(Extracted entries begins)

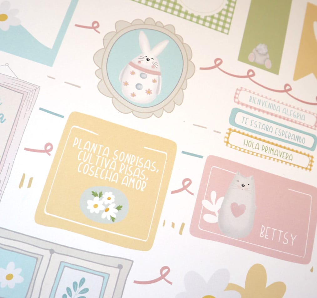 • Papel decorativo com ilustrações de coelho, animal cinzento e frases em português e espanhol
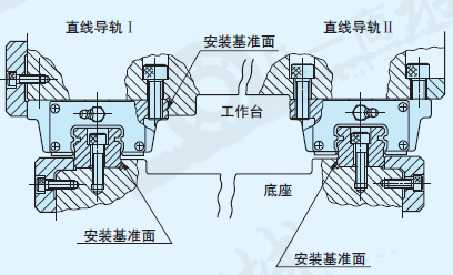 當需要直線運動的精度和剛性時,可設2處底座安裝基準面,1處工作臺安裝基準面,并按照下面的步驟安裝直線導軌。
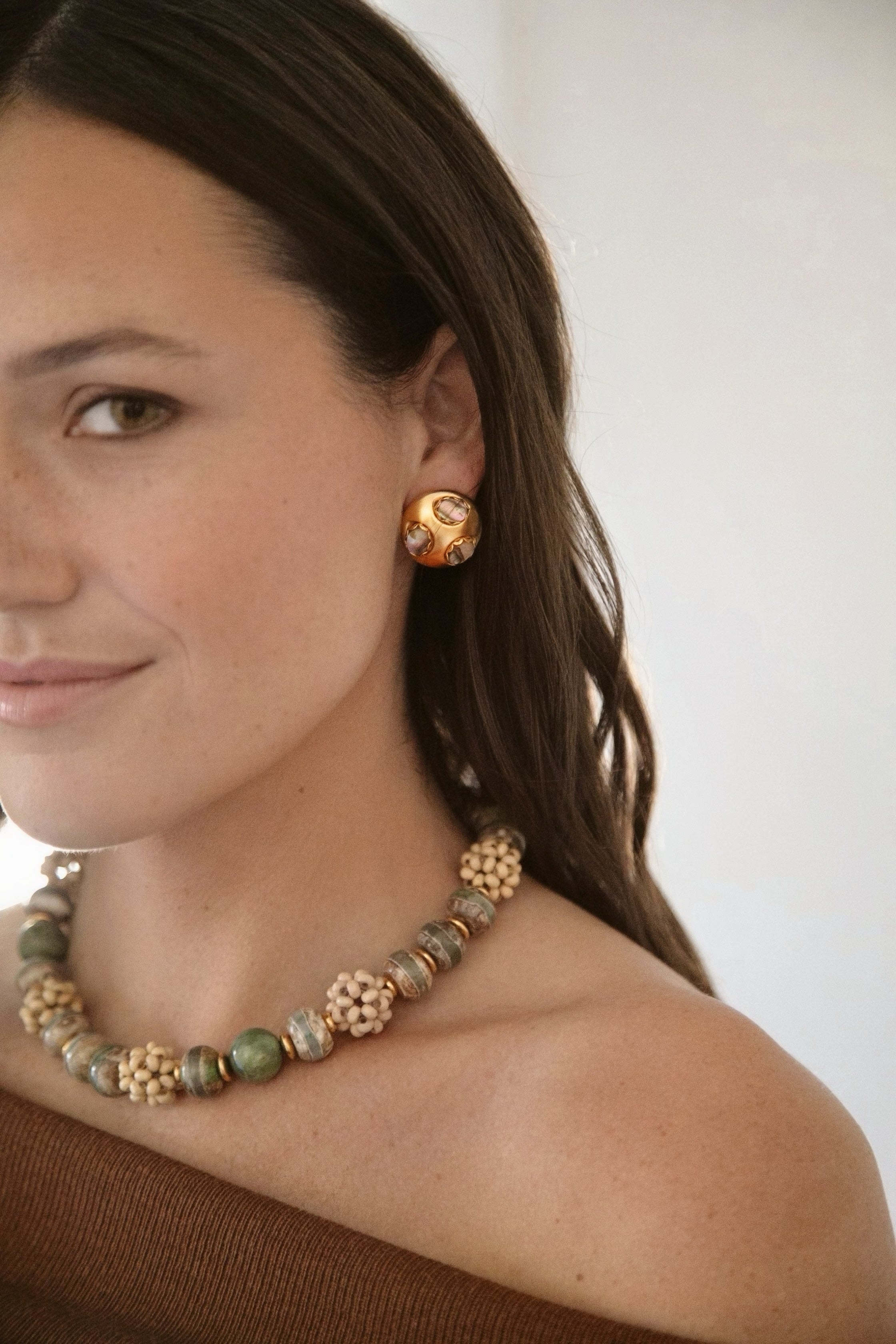 - Please note that no two semi-precious gemstones or natural shell pieces are exactly the same; they range slightly in color, size and detailing due to being natural materials. We think it adds to their beauty!
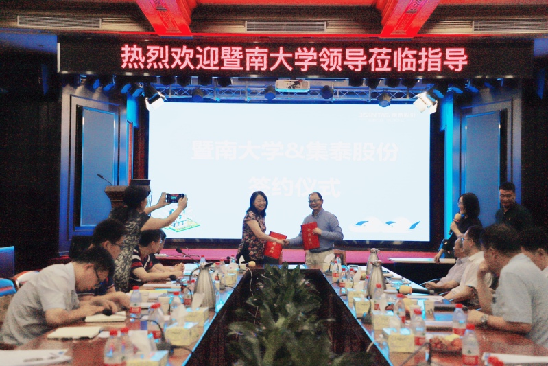 公司副经理李红教授、广州集泰化工股份有限公司总经理邹珍凡代表校企双方签约。
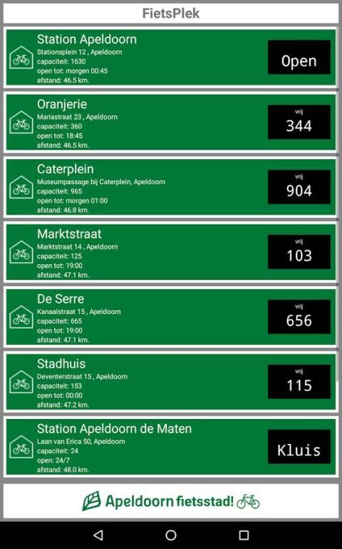 This app lets you see the bicycle is in the municipality of Apeldoorn, where they are and how to get there. You can see exactly how much space each bicycle parking is available.
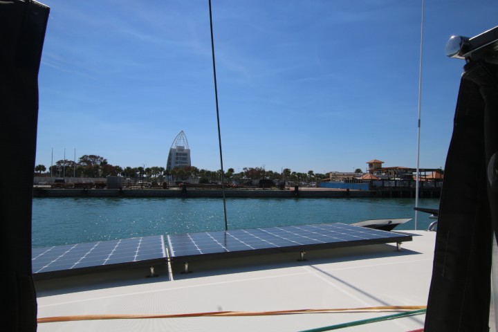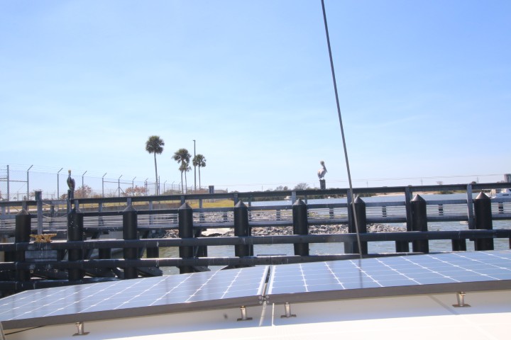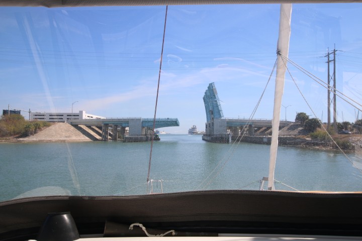 Gegen 11 Uhr beginnt dann das Anker-Auf-Manöver. Allein heißt das ja rennen von vorne in den Steuerstand und zurück. Klappt aber wunderbar. 10 Minuten später kann ich die Schleuse anfunken. Heute dann ohne Delfine oder Manatees. Dafür mit einem anderen Motorboot. Die Schleusung nutze ich, das Groß klar zu machen.

(Extracted entries ends)

#### [Your assignment]
Say again, word for word, the lines beginning at the top of the data and ending with the line that has "當需要直線運動的精度和剛性時". Skip the pictures.

#### [Reply to the task]
 • Papel decorativo com ilustrações de coelho, animal cinzento e frases em português e espanhol
 當需要直線運動的精度和剛性時,可設2處底座安裝基準面,1處工作臺安裝基準面,并按照下面的步驟安裝直線導軌。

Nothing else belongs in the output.